# Items from a dataset
*-*-*
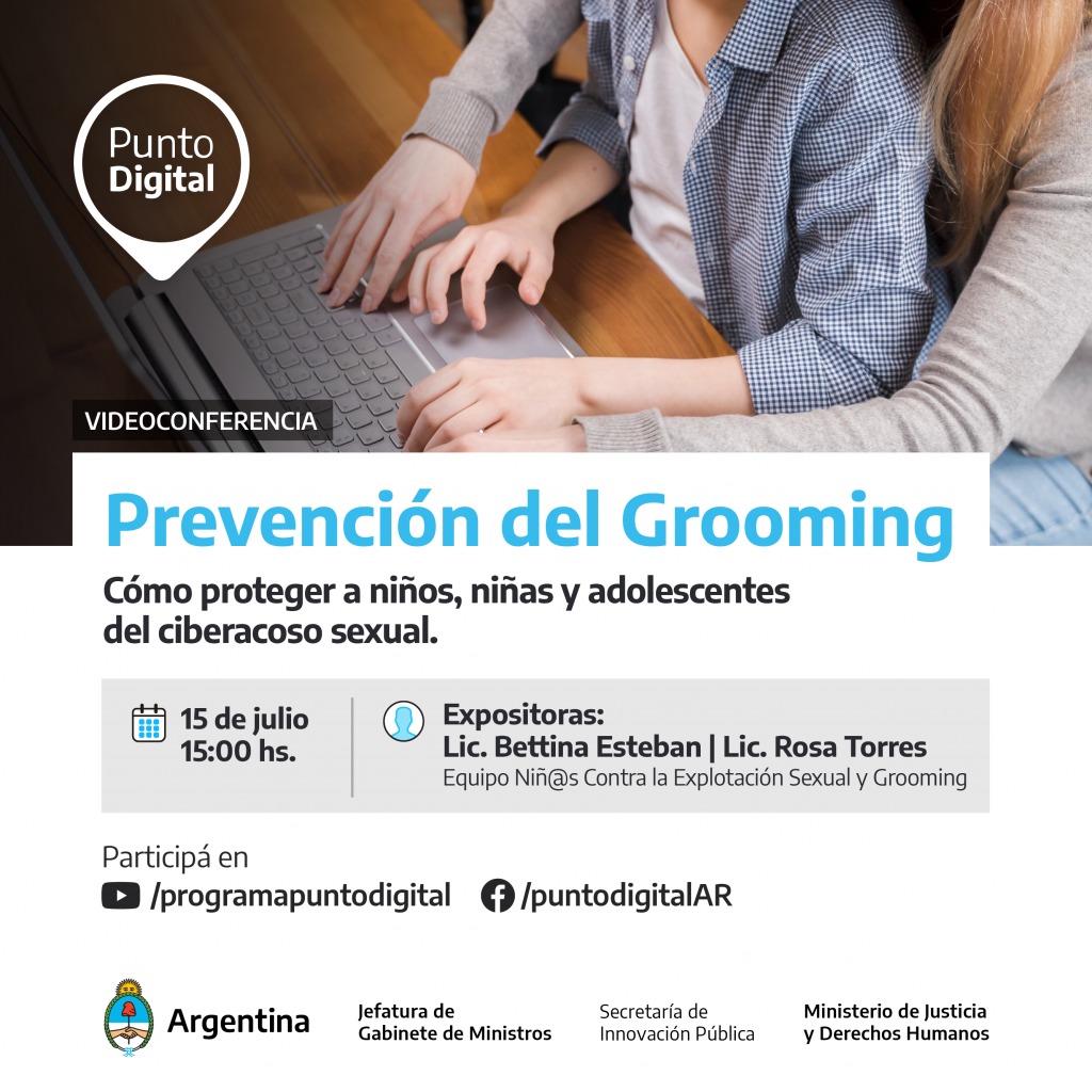 La coordinadora del Punto Digital, Laura Gómez, participó ayer de una capacitación en “Prevención del grooming” con el objetivo de proteger a niños y adolescentes del cyberacoso sexual organizado por el Programa Punto Digital de Presidencia de la Nación.
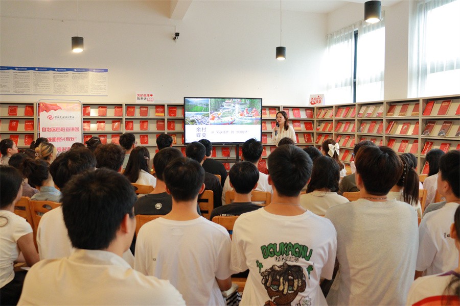 为深入学习宣传贯彻习近平新时代中国特色社会主义思想和党的二十大精神,10月18日下午,自治区百姓宣讲团“强国复兴有我”主题宣讲活动(北海市专场)在我校图书馆举行。
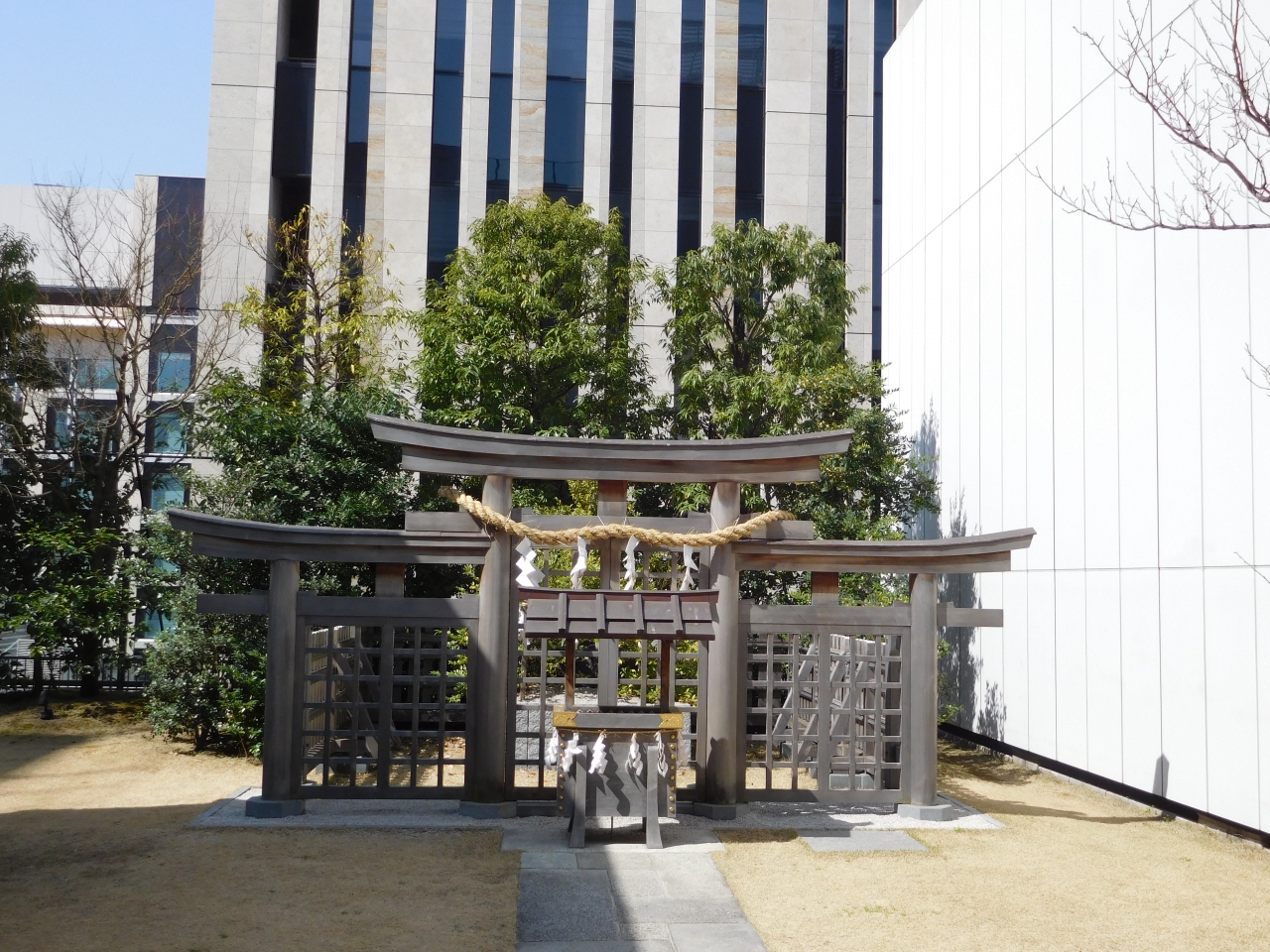 世界最大級のユニクロ銀座店が入っている「ギンザコマツ東館」の裏側にある「ギンザコマツ西館」の屋上に鎮座している神社です。屋上Rフロアに「ギンザコマツ三輪神社」と書かれていたので、エレベーターで屋上に上がってみました。思ったよりもこじんまりとした空間で、一瞬、入っても大丈夫なのかな?と思ってしまうような場所でした。屋上庭園として開放されているようです。
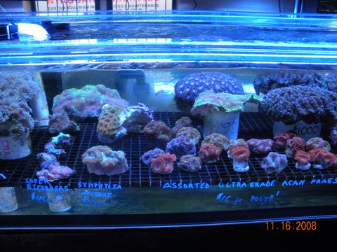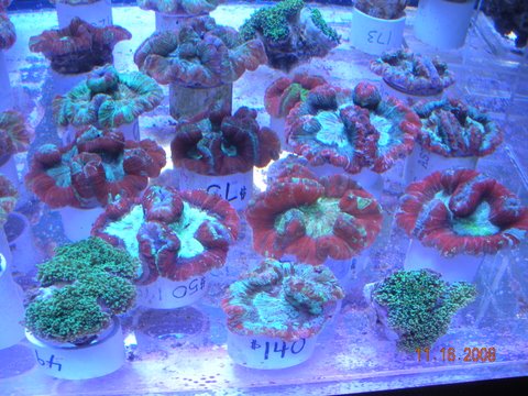 Over 30 neon rainbow trachys and brains, 20 pieces of ultra color blastomussa, lots of colorful acan maxima, blue and red milleopora corals, super colored scolymias, bubble gum watermelon chalice, acanthestrea rotundaflora, echinata, etc.
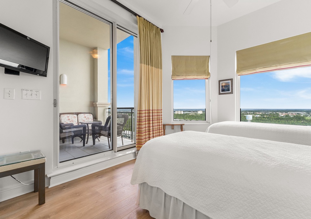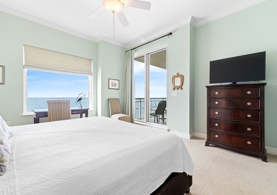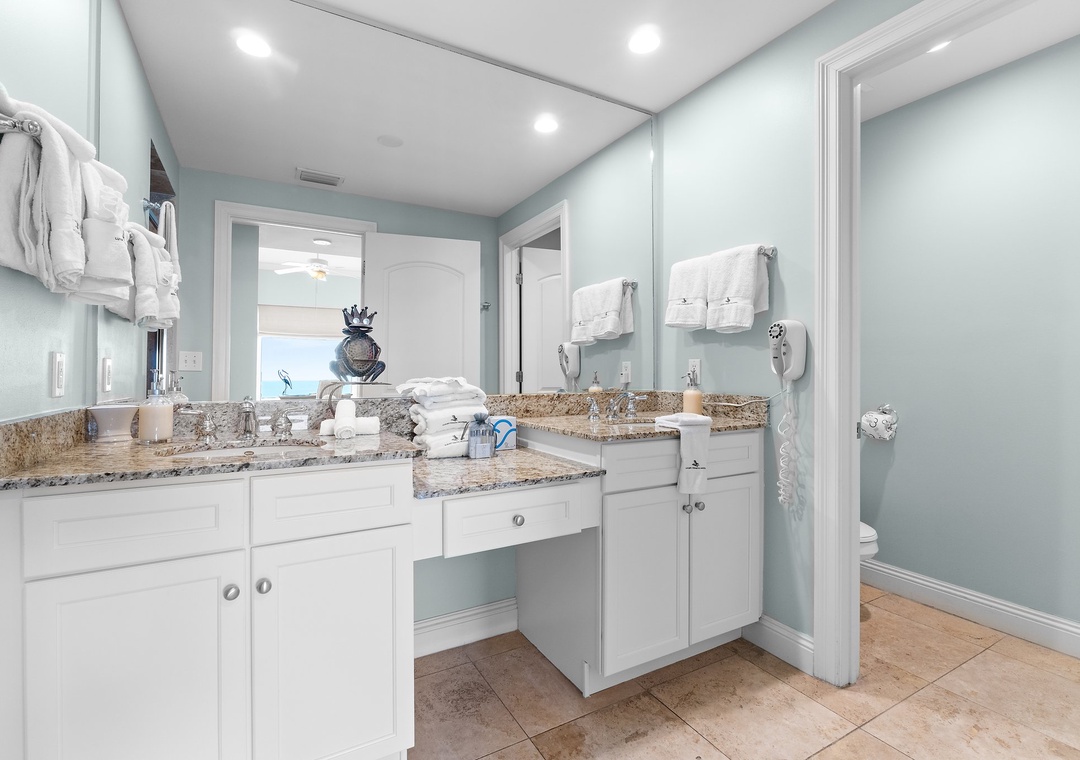 The elegantly furnished living room boasts floor-to-ceiling sliding glass doors that open to a gulf-front balcony, where you can sip morning coffee, read a book, or dine al fresco while taking in the breathtaking views. The master suite offers a king-sized bed, luxurious bedding, a spacious walk-in closet, and a large picture window showcasing panoramic Gulf views. The ensuite bathroom includes a glass and travertine shower, double vanities, and granite countertops. The second bedroom features two extra-long twin beds, soft linens, and access to the north balcony with sweeping views of Old River. A cozy third bedroom offers a full daybed with a twin trundle and its own balcony access, making this condo the perfect retreat for your next getaway!
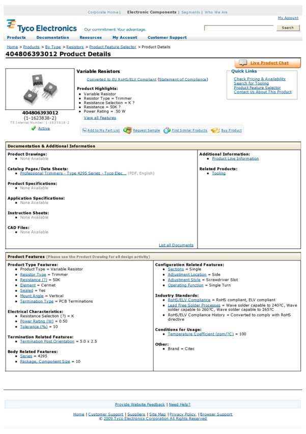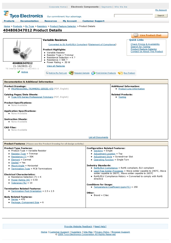 Res Cermet Trimmer 50K Ohm 10% 1/2W 1Turn Pin Thru-Hole
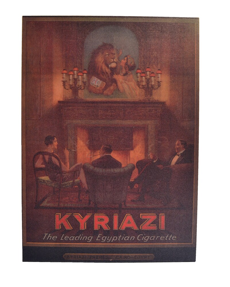 Reclame op paneel van hout van het Egyptische merk K...
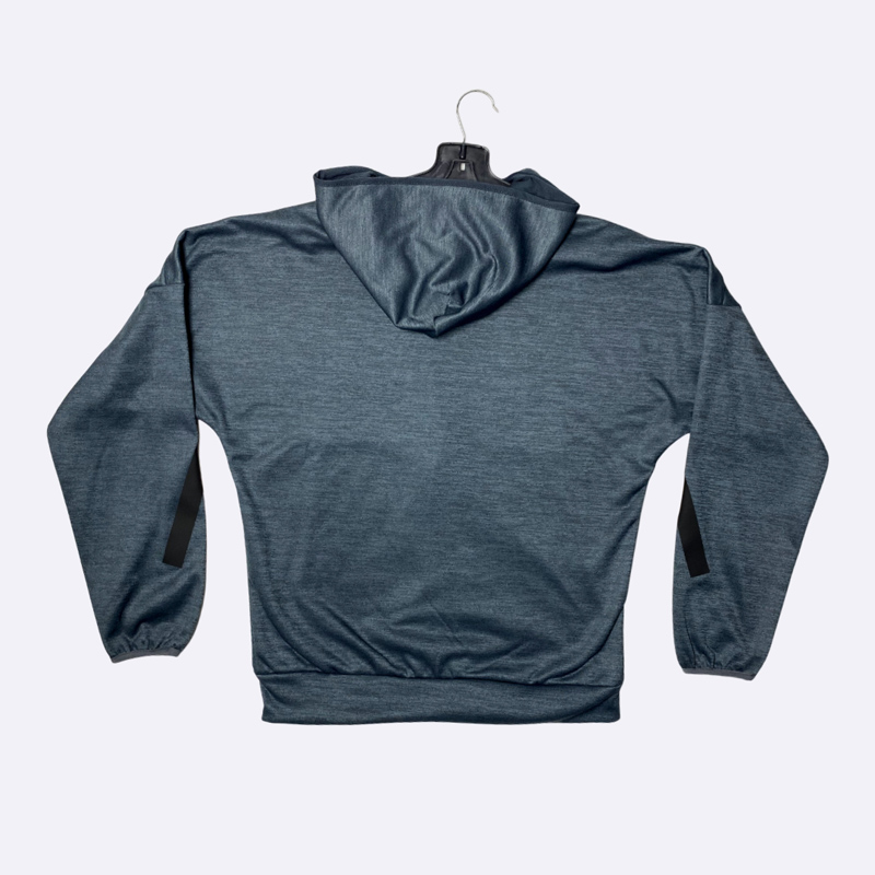 بدلة رياضية رجالية مريحة من قطعتين، تتميز بخامة الميلانج (مختلطة الأنسجة) وجاكيت بغطاء رأس وسحاب كامل وجيب أمامي كانجارو. يتميز البنطلون بتصميم مريح وخصر مطاطي، مع تفاصيل مطبوعة على الجاكيت والبنطلون.
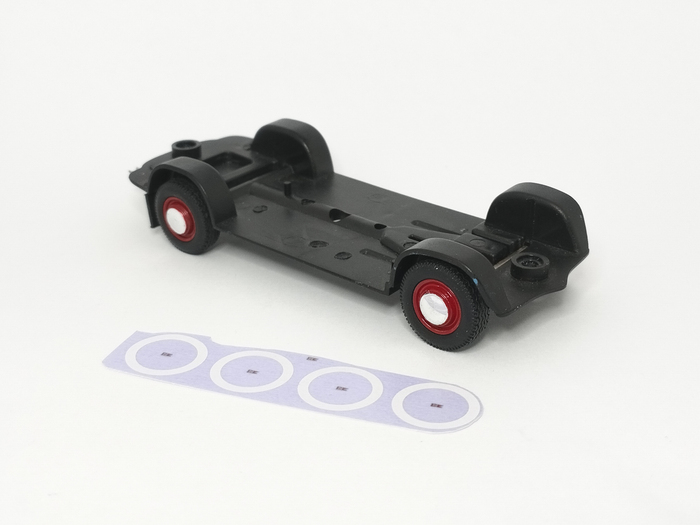 Чтобы модель смотрелась более стильно, было принято решение наклеить на покрышки декали, имитирующие вайтволлы. Уверен, что такой ход мыслей заказчика только порадует. А для защиты декалей, я нанёс лак на основе эмали X-22 от TAMIYA.
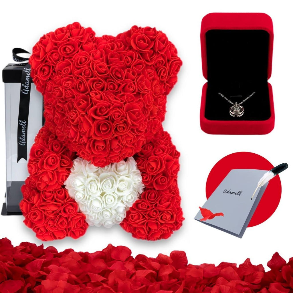 Der Teddybär besteht aus über 300 Blumen und ist mit einer exquisiten Geschenkbox verziert. Der 25 cm große Teddybär ist in drei Farben erhältlich: rot, weiß und pink. Der Rosen-Teddybär kommt auch mit einer Hologramm-Kette als unerwartete Art zu sagen: Ich liebe dich.
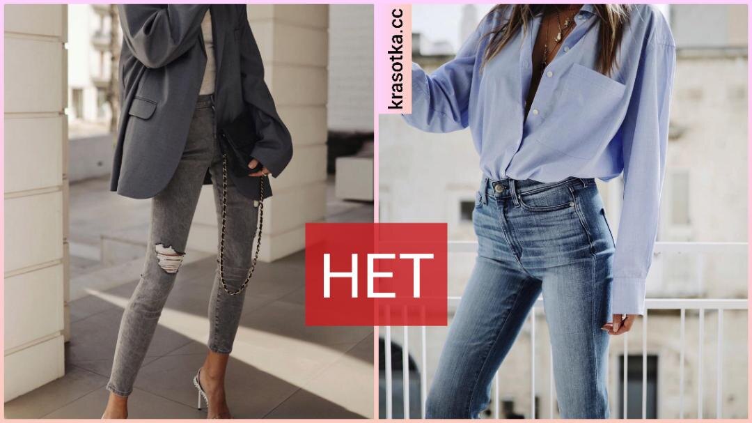 Джинсы – важный элемент гардероба как для девушек, так и для зрелых женщин. Каждый год на рынок выходят новые модели , которые быстро теряют актуальность. Чтобы ваш образ всегда был стильным и модным, следите за трендами и своевременно избавляйтесь от устаревших вещей. Джинсы-скинни, обтягивающие фигуру, стали антитрендом. Они многим девушкам откровенно портили вид, так как такая модели демонстрирует все недостатки силуэта, обтягивая вас, как вторая кожа. Прекрасной альтернативой им являются джинсы высокой посадки прямого кроя. Они отлично замаскируют все недочеты фигуры и скроют недостатки. Читайте также: 15 стильных вариантов как носить джинсы с ботинками, чтобы чувствовать себя комфортно в [year] году Некогда модные рваные джинсы стали не актуальны. Каких только прорезей не делали производители: на коленях, на всю длину, с откровенными огромными «дырами». Отдавая дань моде, многие девушки зарабатывали себе воспаление суставов и различные женские заболевания. Уход таких моделей в неб
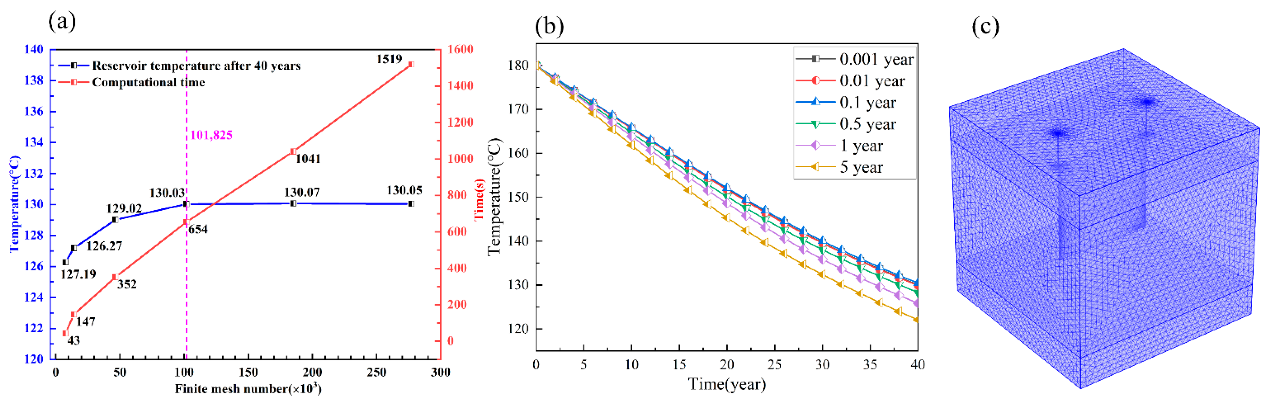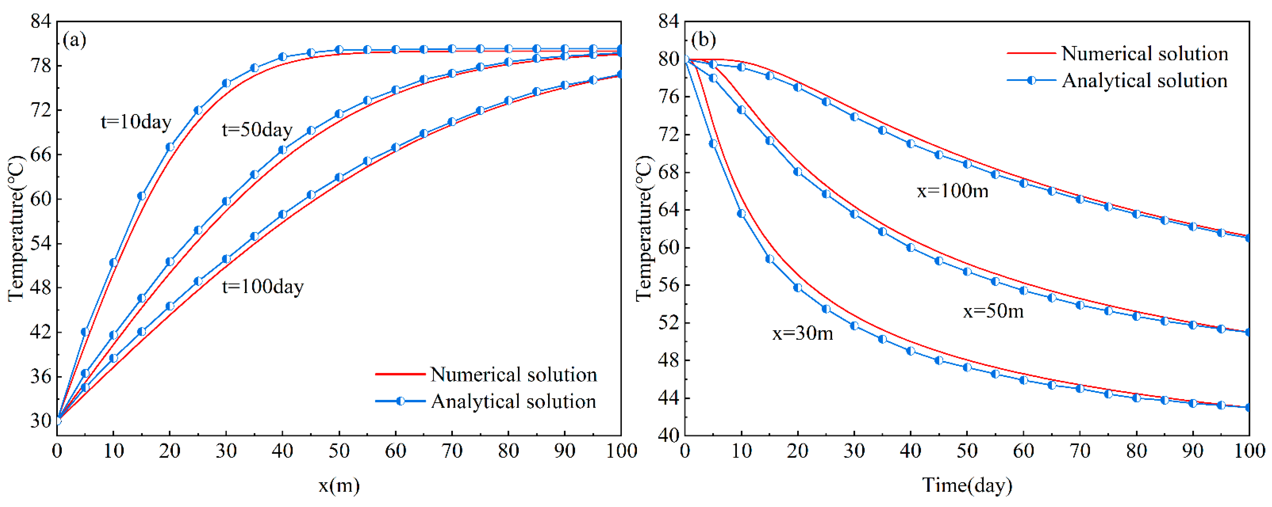 - Rocks and fluids in local regions are in a state of thermal equilibrium [29], and this equilibrium relationship explains the heat transfer mechanism between them [30]. Meanwhile, assuming that low-temperature fluids do not dissipate rapidly and remain stationary during the shutdown phase of geothermal exploitation, the hypothesis of local thermal equilibrium remains valid.
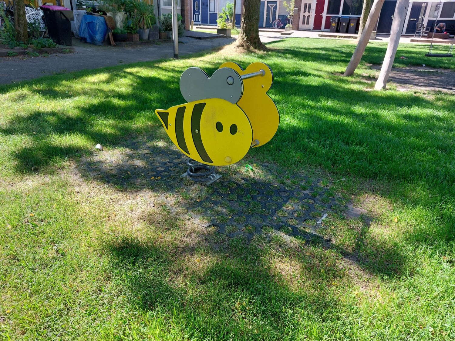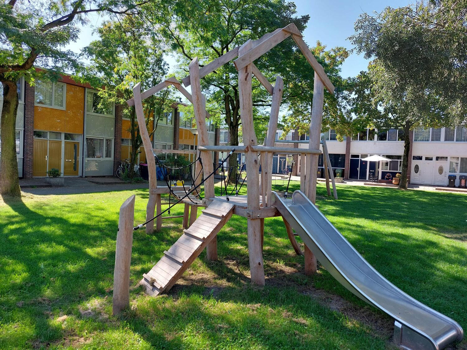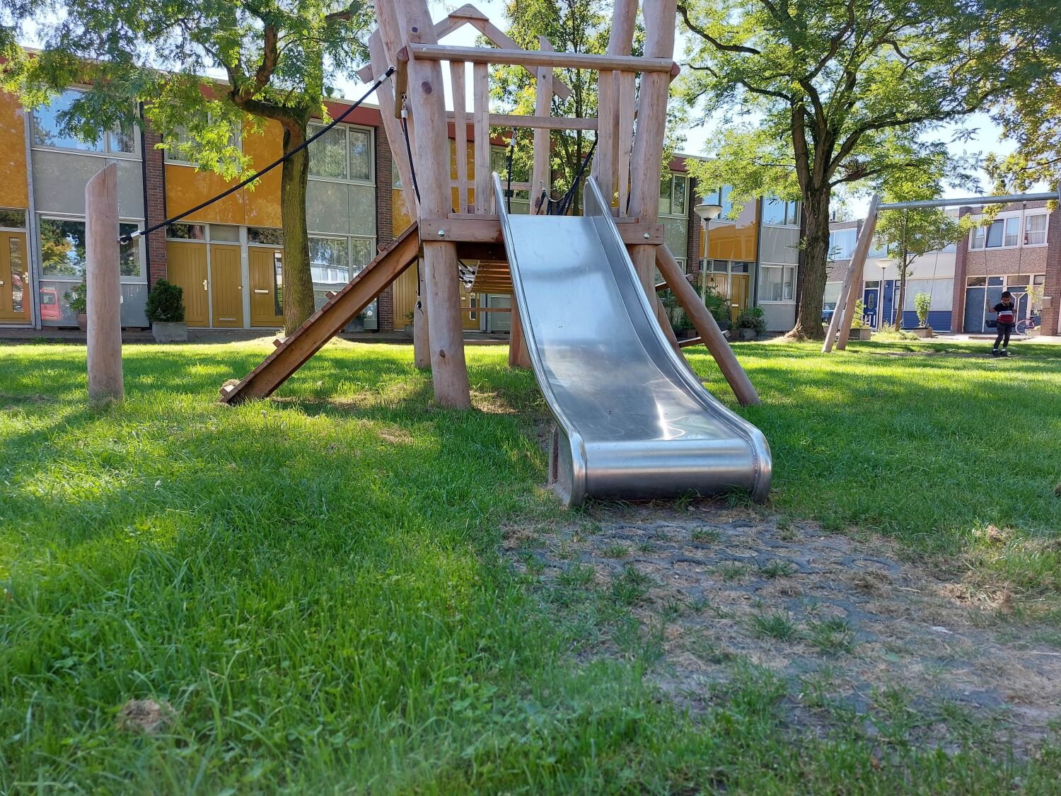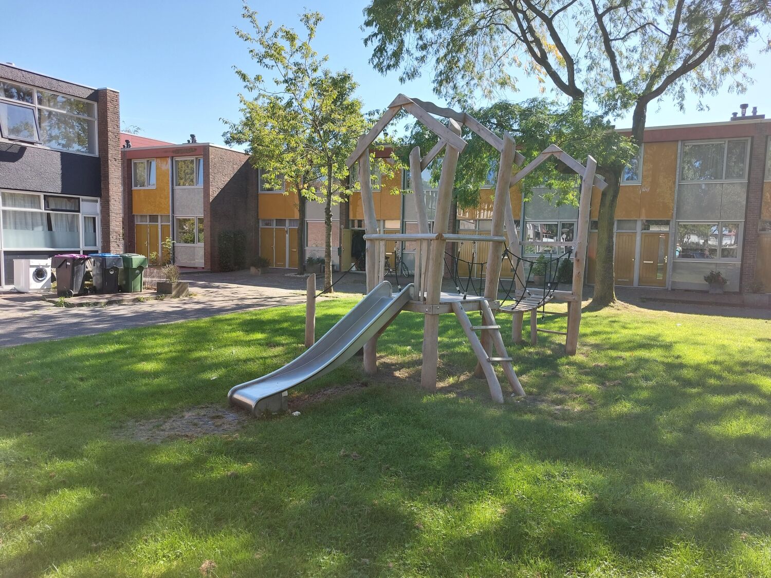 De speelplek aan de Robinsonstraat lag er wat sober bij, dat moest ook de gemeente Leeuwarden gevonden hebben. Want voor de vernieuwing van de speelplek klopte ze bij ons aan. De aanvraag van de gemeente: Metalen speeltoesellen die geschikt zijn voor een leeftijd van 5 - 10 jaar. Waarbij we graag een veertoestel voor meerdere kinderen zouden zien, een dubbele schommel met boxzitje en een toestel met een glijbaan.
*-*-*
# Work order
Omit all pictures, and repeat exactly the lines from the line containing "- Rocks and" through the end of the data.

# Exercise output
 - Rocks and fluids in local regions are in a state of thermal equilibrium [29], and this equilibrium relationship explains the heat transfer mechanism between them [30]. Meanwhile, assuming that low-temperature fluids do not dissipate rapidly and remain stationary during the shutdown phase of geothermal exploitation, the hypothesis of local thermal equilibrium remains valid.
 De speelplek aan de Robinsonstraat lag er wat sober bij, dat moest ook de gemeente Leeuwarden gevonden hebben. Want voor de vernieuwing van de speelplek klopte ze bij ons aan. De aanvraag van de gemeente: Metalen speeltoesellen die geschikt zijn voor een leeftijd van 5 - 10 jaar. Waarbij we graag een veertoestel voor meerdere kinderen zouden zien, een dubbele schommel met boxzitje en een toestel met een glijbaan.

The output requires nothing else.